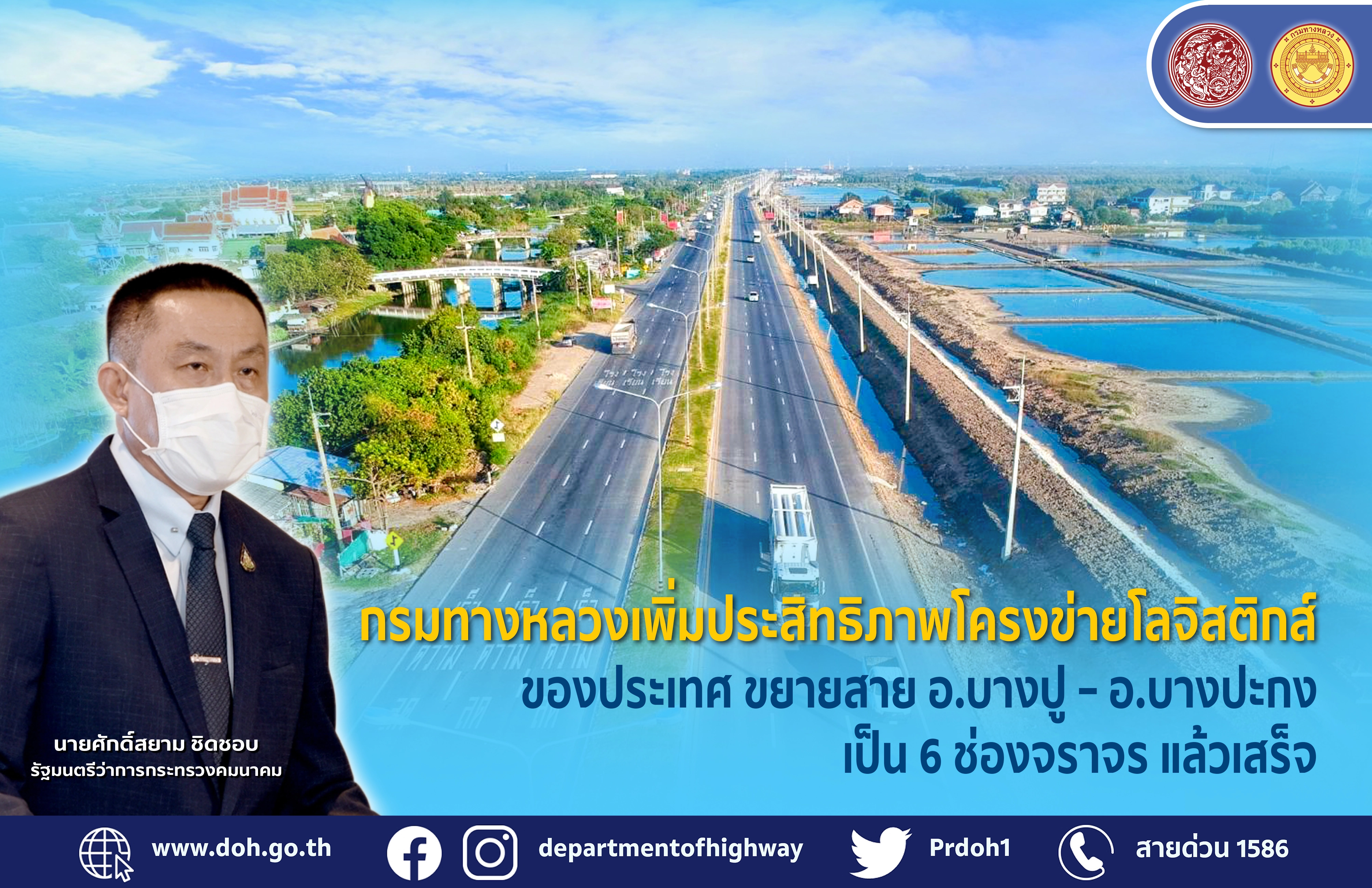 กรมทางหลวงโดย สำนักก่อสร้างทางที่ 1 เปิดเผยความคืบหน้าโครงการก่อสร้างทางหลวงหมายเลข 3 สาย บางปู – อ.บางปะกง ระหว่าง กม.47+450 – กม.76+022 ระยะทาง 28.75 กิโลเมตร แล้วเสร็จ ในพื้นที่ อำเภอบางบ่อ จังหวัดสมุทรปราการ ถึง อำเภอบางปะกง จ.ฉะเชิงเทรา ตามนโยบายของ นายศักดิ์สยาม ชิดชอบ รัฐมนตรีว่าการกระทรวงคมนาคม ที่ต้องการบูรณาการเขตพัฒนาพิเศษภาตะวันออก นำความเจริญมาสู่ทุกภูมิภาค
-.-.-
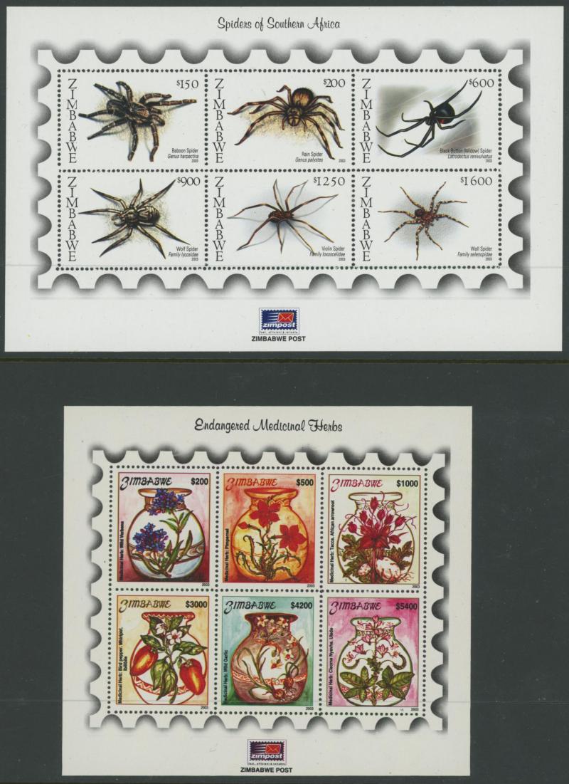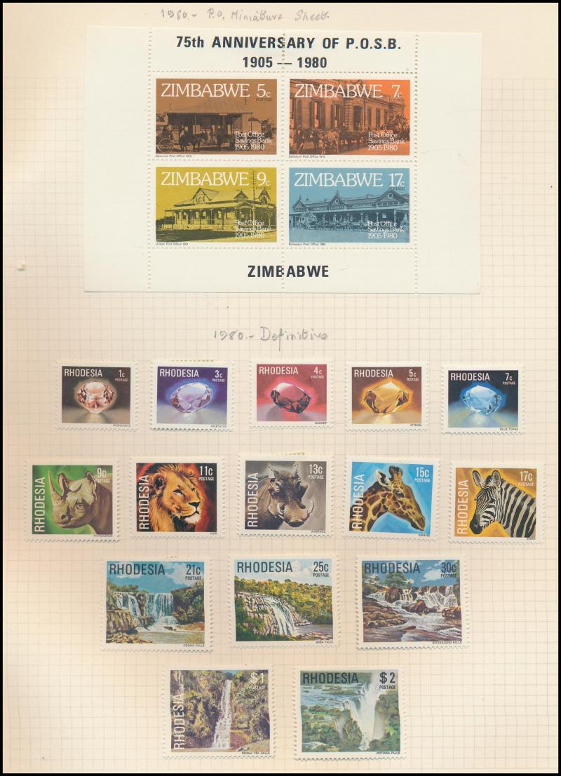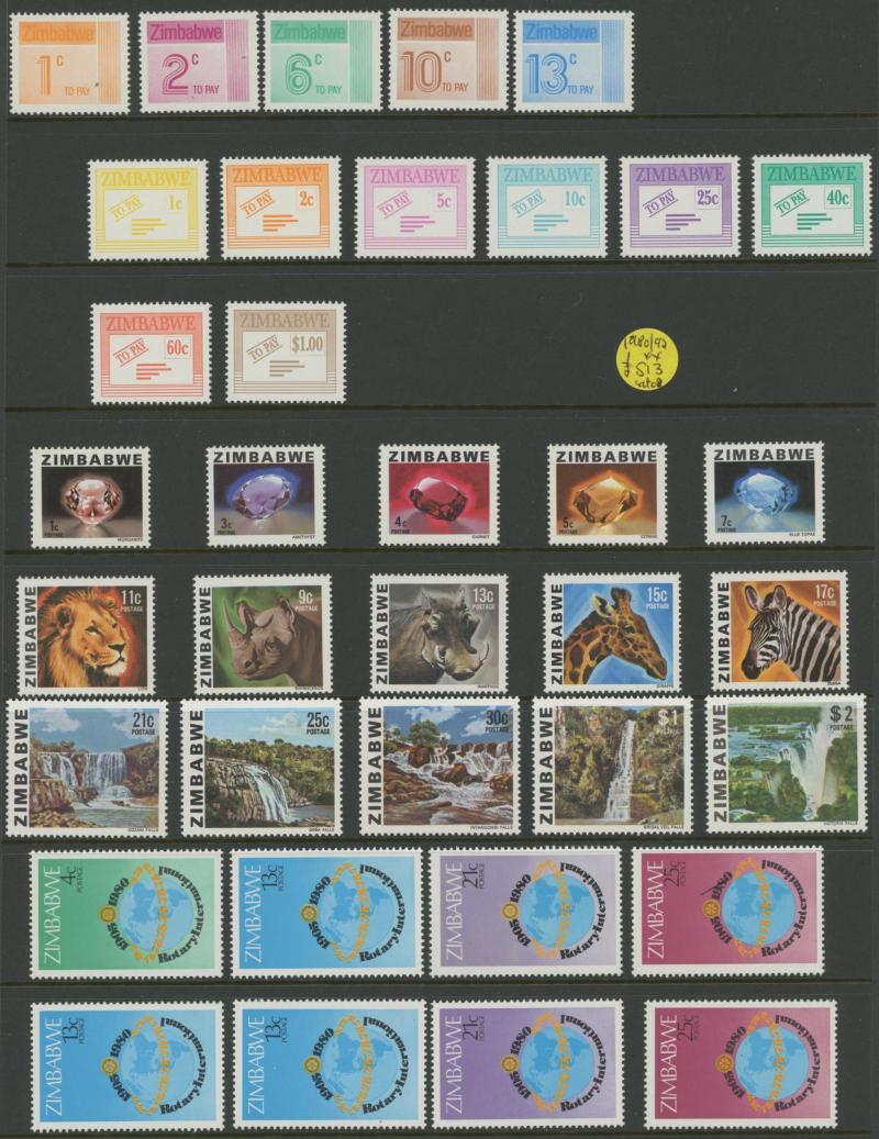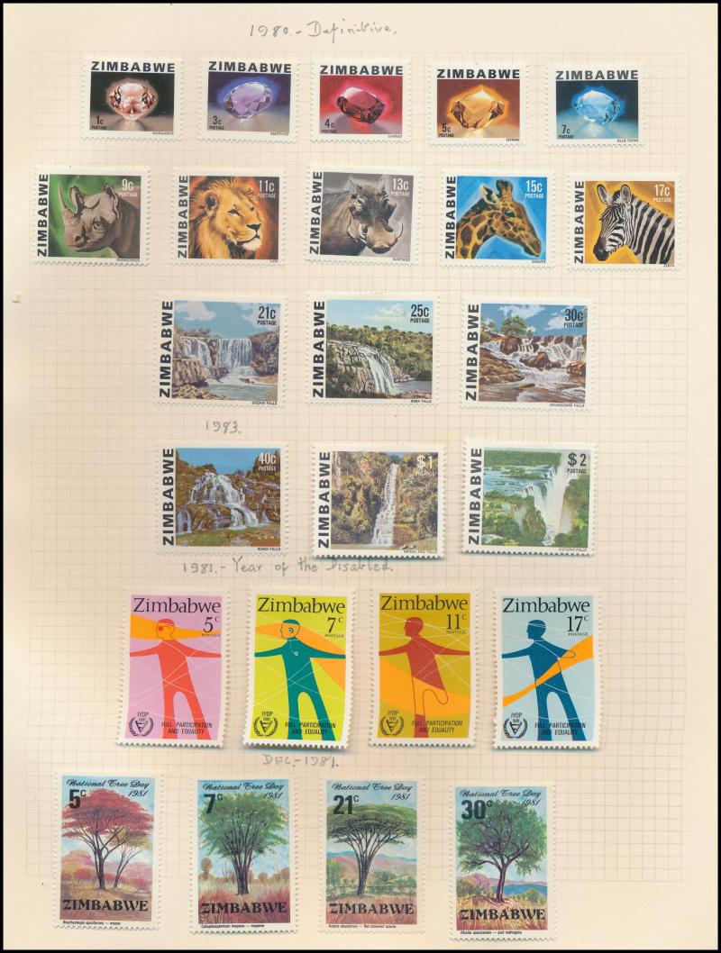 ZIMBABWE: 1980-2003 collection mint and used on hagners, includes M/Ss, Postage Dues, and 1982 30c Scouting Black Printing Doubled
-.-.-
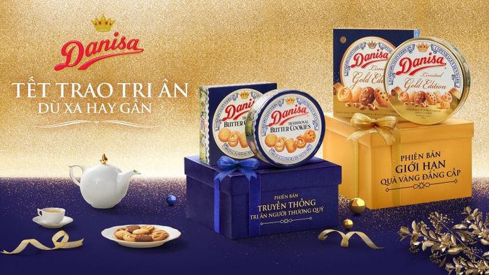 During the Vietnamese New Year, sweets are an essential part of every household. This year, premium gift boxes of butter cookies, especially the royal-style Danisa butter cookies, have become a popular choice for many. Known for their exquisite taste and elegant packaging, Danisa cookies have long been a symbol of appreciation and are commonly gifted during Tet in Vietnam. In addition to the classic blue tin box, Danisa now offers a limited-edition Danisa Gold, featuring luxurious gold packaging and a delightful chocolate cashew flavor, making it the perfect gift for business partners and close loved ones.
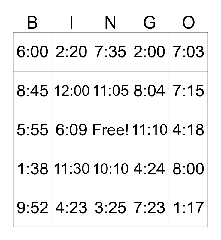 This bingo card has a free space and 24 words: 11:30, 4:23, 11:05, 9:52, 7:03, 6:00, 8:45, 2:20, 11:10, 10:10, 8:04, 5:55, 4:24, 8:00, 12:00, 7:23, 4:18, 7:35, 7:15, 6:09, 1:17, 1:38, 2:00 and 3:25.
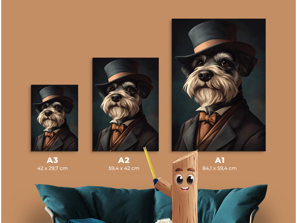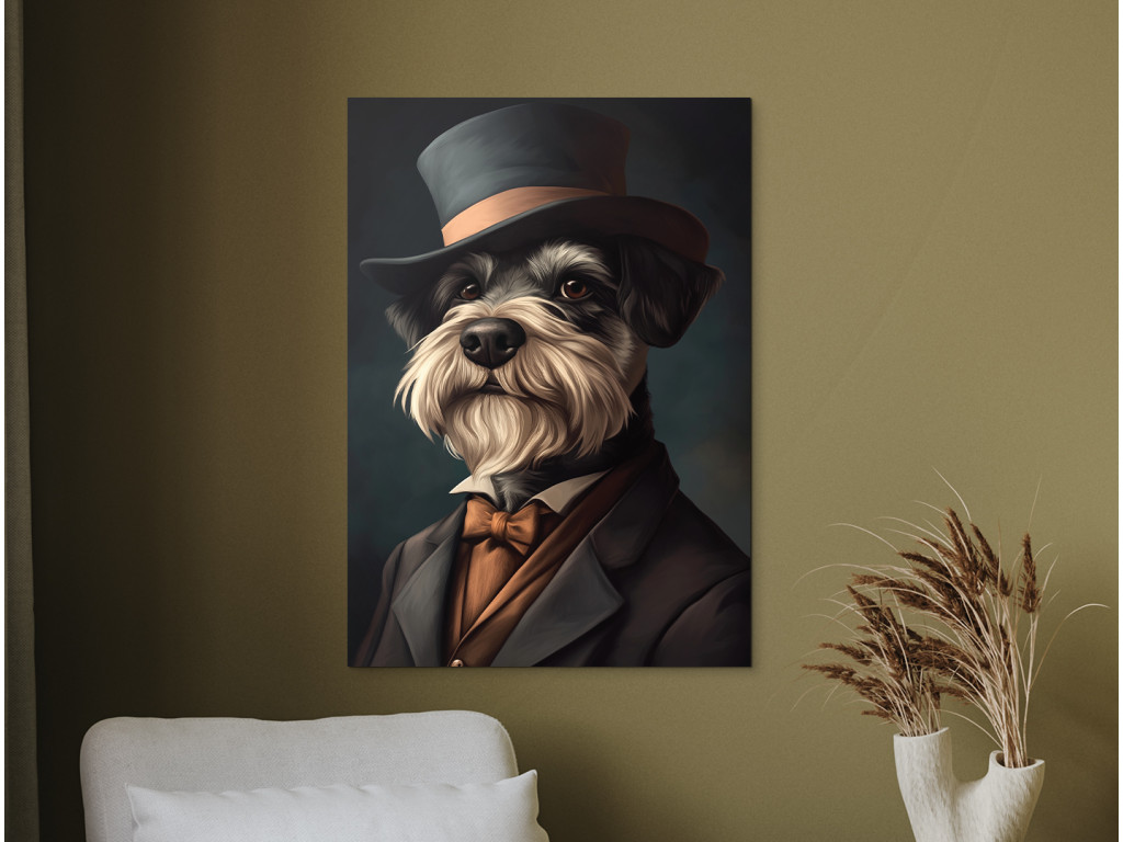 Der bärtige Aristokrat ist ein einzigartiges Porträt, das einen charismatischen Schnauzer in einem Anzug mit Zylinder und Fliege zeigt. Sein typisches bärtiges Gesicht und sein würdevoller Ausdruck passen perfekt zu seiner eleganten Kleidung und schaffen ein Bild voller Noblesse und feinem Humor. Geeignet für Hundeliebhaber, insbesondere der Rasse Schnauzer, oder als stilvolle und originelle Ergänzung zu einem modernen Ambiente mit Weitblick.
-.-.-
● **TASK STATEMENT**: Pictures aside, print exactly the lines above starting with the one containing "During the Vietnamese" and going on through the one containing "Der bärtige Aristokrat".

● **SOLUTION TO THE EXERCISE**:
 During the Vietnamese New Year, sweets are an essential part of every household. This year, premium gift boxes of butter cookies, especially the royal-style Danisa butter cookies, have become a popular choice for many. Known for their exquisite taste and elegant packaging, Danisa cookies have long been a symbol of appreciation and are commonly gifted during Tet in Vietnam. In addition to the classic blue tin box, Danisa now offers a limited-edition Danisa Gold, featuring luxurious gold packaging and a delightful chocolate cashew flavor, making it the perfect gift for business partners and close loved ones.
 This bingo card has a free space and 24 words: 11:30, 4:23, 11:05, 9:52, 7:03, 6:00, 8:45, 2:20, 11:10, 10:10, 8:04, 5:55, 4:24, 8:00, 12:00, 7:23, 4:18, 7:35, 7:15, 6:09, 1:17, 1:38, 2:00 and 3:25.
 Der bärtige Aristokrat ist ein einzigartiges Porträt, das einen charismatischen Schnauzer in einem Anzug mit Zylinder und Fliege zeigt. Sein typisches bärtiges Gesicht und sein würdevoller Ausdruck passen perfekt zu seiner eleganten Kleidung und schaffen ein Bild voller Noblesse und feinem Humor. Geeignet für Hundeliebhaber, insbesondere der Rasse Schnauzer, oder als stilvolle und originelle Ergänzung zu einem modernen Ambiente mit Weitblick.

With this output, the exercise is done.